Sun Oil Co. v. Wortman
Annotate this Case
486 U.S. 717 (1988)
U.S. Supreme Court
Sun Oil Co. v. Wortman, 486 U.S. 717 (1988)
Sun Oil Co. v. Wortman
Argued March 22, 1988
Decided June 15, 1988
486 U.S. 717
In the 1960's and 1970's, petitioner extracted gas from properties leased from respondents in Texas, Oklahoma, and Louisiana, in exchange for agreements to pay royalties. Petitioner's prices for interstate gas sales had to be approved by the Federal Power Commission (FPC), which permitted petitioner to collect proposed increased prices from customers prior to FPC approval on the condition that petitioner comply with regulations requiring it to refund to customers any ultimately unapproved increase plus interest at specified rates. Petitioner withheld royalties on the unapproved increases until it obtained FPC approval. Two of the respondents filed a class action in a Kansas court, seeking interest on the suspended payments for the period they were held and used by petitioner. The trial court held that petitioner was liable for interest at the FPC-set rates under Texas, Oklahoma, and Louisiana law, and that the application of Kansas' 5-year statute of limitations rendered respondents' claims for interest on the July, 1976, payments timely. The Kansas Supreme Court affirmed, rejecting petitioner's contentions that (1) the Full Faith and Credit Clause of the Constitution and the Due Process Clause of the Fourteenth Amendment required the application of the statutes of limitations of the other States, under which the suit would be barred, and (2) those same constitutional provisions mandated interpretations of the other States' substantive laws concerning interest that were different from the interpretations arrived at in this case.
1. The Constitution does not bar application of the forum State's statute of limitations to claims governed by the substantive law of a different State. Pp. 486 U. S. 722-730.
(a) Kansas did not violate the Full Faith and Credit Clause by applying its own statute of limitations. The holding of M'Elmoyle v. Cohen, 13 Pet. 312, that statutes of limitation may be treated as procedural, and therefore governed by the forum State's law for choice-of-law purposes, was correct when handed down. Petitioner's argument that this traditional view should be abandoned in favor of the modern understanding that statutes of limitations are substantive -- as exemplified by Guaranty Trust Co. v. York, 326 U. S. 99, which so held for Erie doctrine purposes -- is without merit.
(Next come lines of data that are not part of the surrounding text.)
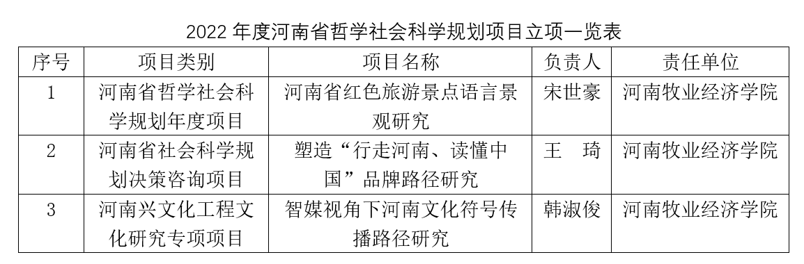 近日,河南省哲学社会科学规划办公室公布了2022年河南省哲学社会学科规划项目的立项名单。今年会官网韩淑俊博士主持《智媒视角下河南文化符号传播路径研究》获批河南兴文化工程文化研究专项项目,宋世豪博士主持《河南省红色旅游景点语言景观研究》获批河南省哲学社会科学规划年度项目,在读博士王琦老师主持《塑造“行走河南、读懂中国”品牌路径研究》获批河南省社会科学规划决策咨询项目。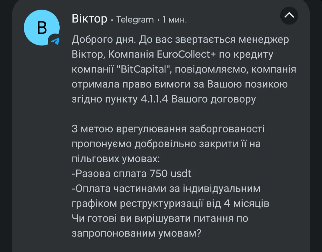 Бит капитал продали коллекторам EuroCollect+?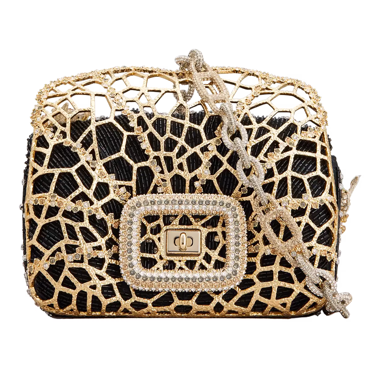 This unique piece gives reverence to the spider’s ingenious threaded ambient. Indeed, the creature’s web stands as a universal symbol of creativity, interconnectedness and meticulousness. To create this structure that is at once an enticing home and a deadly trap, the designers worked with the same diligence as the creature. The web is embodied by a metal net, made-to-measure like a dress pinned and fitted directly onto the bag. The bespoke crystal details resemble the weave’s fine silky strings adorned of droplets, as it would appear when emerging from the dusk’s haze. There are two nets, one attached to the front, another onto its flap, under them the bag’s embroidered black satin base is visible. Look closely... Will you spot the weaver onto this piece of refined jewellery work? The creation of this Pièce Unique took approximately 36 hours.

Guaranty Trust itself rejected the notion that there is an equivalence between what is substantive under
the Erie doctrine and what is substantive for choice-of-law purposes. The adoption of petitioner's argument under the Full Faith and Credit Clause, in the face of the traditional and still subsisting general practice to the contrary, would amount to the improper constitutionalizing of choice-of-law rules, without sufficient guiding standards. Pp. 486 U. S. 722-729.
(b) Petitioner's due process attack upon Kansas' adoption of its own statute of limitations is without merit. Both the tradition in place when the constitutional provision was adopted and subsequent and subsisting general practice establish that a State has legislative jurisdiction to control the remedies available in its courts by imposing statutes of limitations in the interest of regulating the courts' workload and determining when a claim is stale. Petitioner could not have been unfairly surprised by the application of this established rule. Pp. 486 U. S. 729-730.
2. The Kansas Supreme Court did not violate the Full Faith and Credit Clause or the Due Process Clause in its constructions of the laws of Texas, Oklahoma, and Louisiana regarding interest, since it contradicted no law of those States that was clearly established and that had been brought to the court's attention. The court pointed to laws of those States authorizing agreements to pay interest at higher than the specified rates, and petitioner did not point to decisions clearly contradicting the court's conclusion that such an agreement was implied by petitioner's undertaking with the FPC. Phillips Petroleum Co. v. Stahl Petroleum Co., 569 S.W.2d 480 (Tex.), Okla.Stat., Tit. 23, § 8 (1981), and Whitehall Gil Co. v. Boagni, 217 So.2d 707 (La.App.), distinguished. Pp. 486 U. S. 730-734.
241 Kan. 226, 734 P.2d 1190, affirmed.
SCALIA, J., delivered the opinion of the Court, in Part I of which all participating Members joined, in Part II of which REHNQUIST, C.J., and WHITE, STEVENS, and O'CONNOR, JJ., joined, and in Part III of which BRENNAN, WHITE, MARSHALL, BLACKMUN, and STEVENS, JJ., joined. BRENNAN, J., filed an opinion concurring in part and concurring in the judgment, in which MARSHALL and BLACKMUN, JJ., joined, post, p. 486 U. S. 734. O'CONNOR, J., filed an opinion concurring in part and dissenting in part, in which REHNQUIST, C.J., joined, post, p. 486 U. S. 743. KENNEDY, J., took no part in the consideration or decision of the case.